Copy out exactly the stretch below, from the line with "Бутоны крупные розовато-лиловые, цветки" through the line with "Long Sleeve Stretch Silk Satin Shirt - Grey", both included; the pictures stay out.

=== Dataset records ===
+ + + +
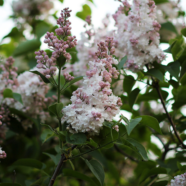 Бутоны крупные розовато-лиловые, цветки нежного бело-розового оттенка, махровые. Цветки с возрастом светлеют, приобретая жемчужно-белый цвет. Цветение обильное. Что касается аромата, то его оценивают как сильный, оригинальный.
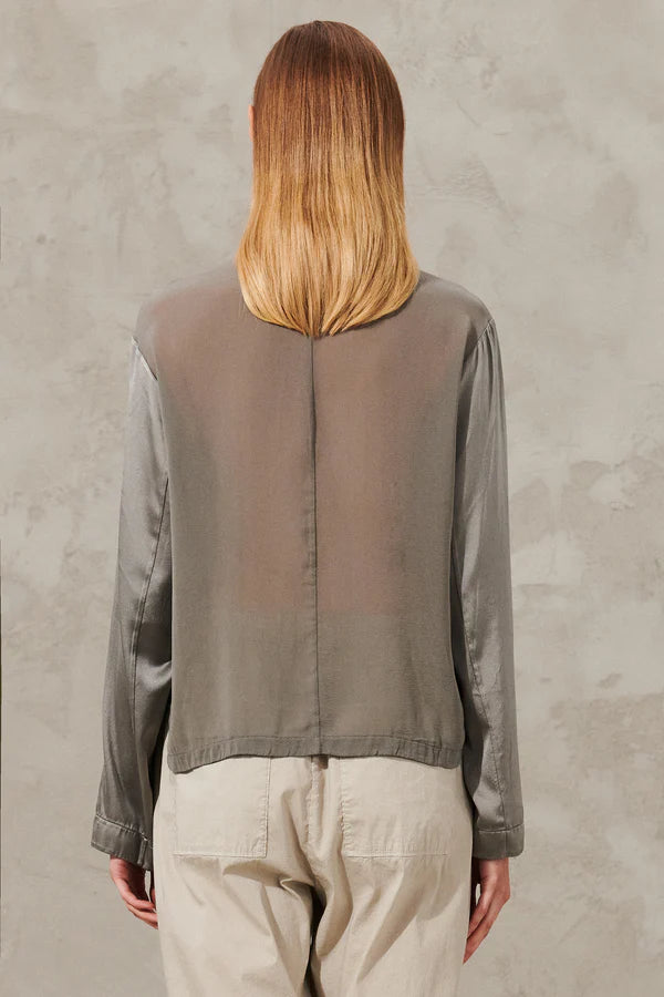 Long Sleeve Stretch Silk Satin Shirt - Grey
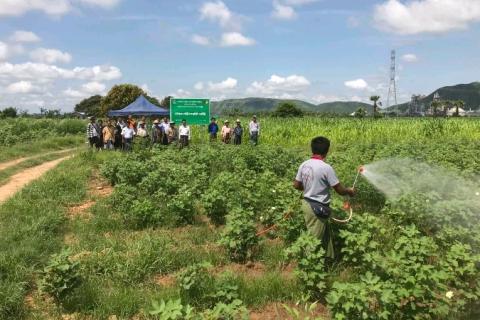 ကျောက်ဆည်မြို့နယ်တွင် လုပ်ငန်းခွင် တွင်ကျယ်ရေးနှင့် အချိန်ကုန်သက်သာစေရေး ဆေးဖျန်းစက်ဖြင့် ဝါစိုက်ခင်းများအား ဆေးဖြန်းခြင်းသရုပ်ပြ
+ + + +
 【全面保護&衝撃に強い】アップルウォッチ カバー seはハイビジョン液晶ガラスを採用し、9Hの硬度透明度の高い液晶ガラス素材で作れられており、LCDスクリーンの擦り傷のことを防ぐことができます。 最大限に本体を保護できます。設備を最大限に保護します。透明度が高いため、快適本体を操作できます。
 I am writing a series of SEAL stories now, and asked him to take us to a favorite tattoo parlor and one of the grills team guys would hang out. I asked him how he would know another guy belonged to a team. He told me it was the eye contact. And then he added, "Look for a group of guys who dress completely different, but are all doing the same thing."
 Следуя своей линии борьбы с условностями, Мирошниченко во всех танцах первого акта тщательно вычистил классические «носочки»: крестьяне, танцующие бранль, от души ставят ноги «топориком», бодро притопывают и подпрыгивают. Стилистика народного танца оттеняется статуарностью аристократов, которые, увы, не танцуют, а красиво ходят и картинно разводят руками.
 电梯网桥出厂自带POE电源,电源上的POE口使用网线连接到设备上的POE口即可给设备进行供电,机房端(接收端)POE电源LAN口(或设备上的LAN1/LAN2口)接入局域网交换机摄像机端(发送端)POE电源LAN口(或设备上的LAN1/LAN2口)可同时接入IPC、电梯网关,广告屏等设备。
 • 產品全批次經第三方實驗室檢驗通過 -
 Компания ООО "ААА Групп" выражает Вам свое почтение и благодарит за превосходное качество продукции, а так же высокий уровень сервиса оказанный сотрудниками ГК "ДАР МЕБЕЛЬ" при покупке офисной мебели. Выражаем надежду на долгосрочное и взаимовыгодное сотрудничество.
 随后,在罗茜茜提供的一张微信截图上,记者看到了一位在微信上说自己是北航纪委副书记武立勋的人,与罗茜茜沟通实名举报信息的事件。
+ + + +
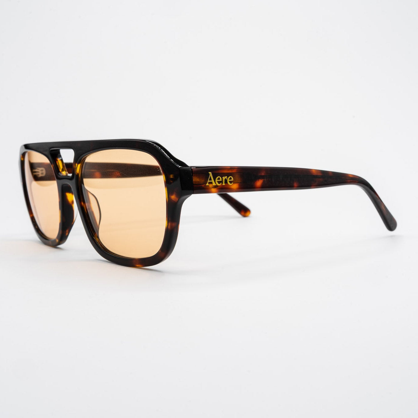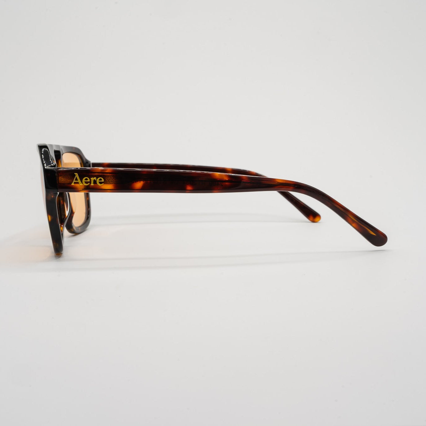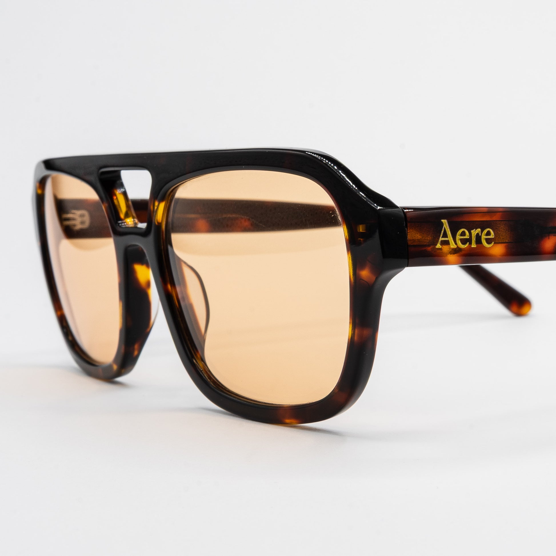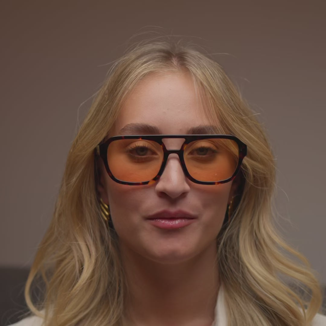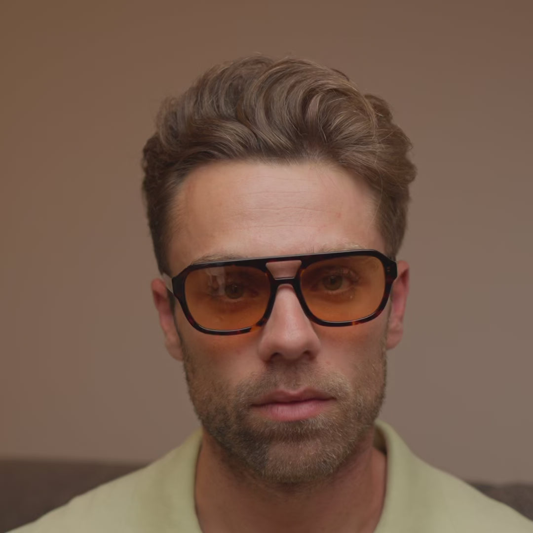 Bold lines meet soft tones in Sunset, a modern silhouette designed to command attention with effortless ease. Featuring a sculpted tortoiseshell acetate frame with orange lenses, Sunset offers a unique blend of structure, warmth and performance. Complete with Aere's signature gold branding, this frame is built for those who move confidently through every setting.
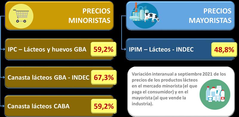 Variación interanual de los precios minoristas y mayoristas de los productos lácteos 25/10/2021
+ + + +
=== Answer to this problem ===
 Бутоны крупные розовато-лиловые, цветки нежного бело-розового оттенка, махровые. Цветки с возрастом светлеют, приобретая жемчужно-белый цвет. Цветение обильное. Что касается аромата, то его оценивают как сильный, оригинальный.
 Long Sleeve Stretch Silk Satin Shirt - Grey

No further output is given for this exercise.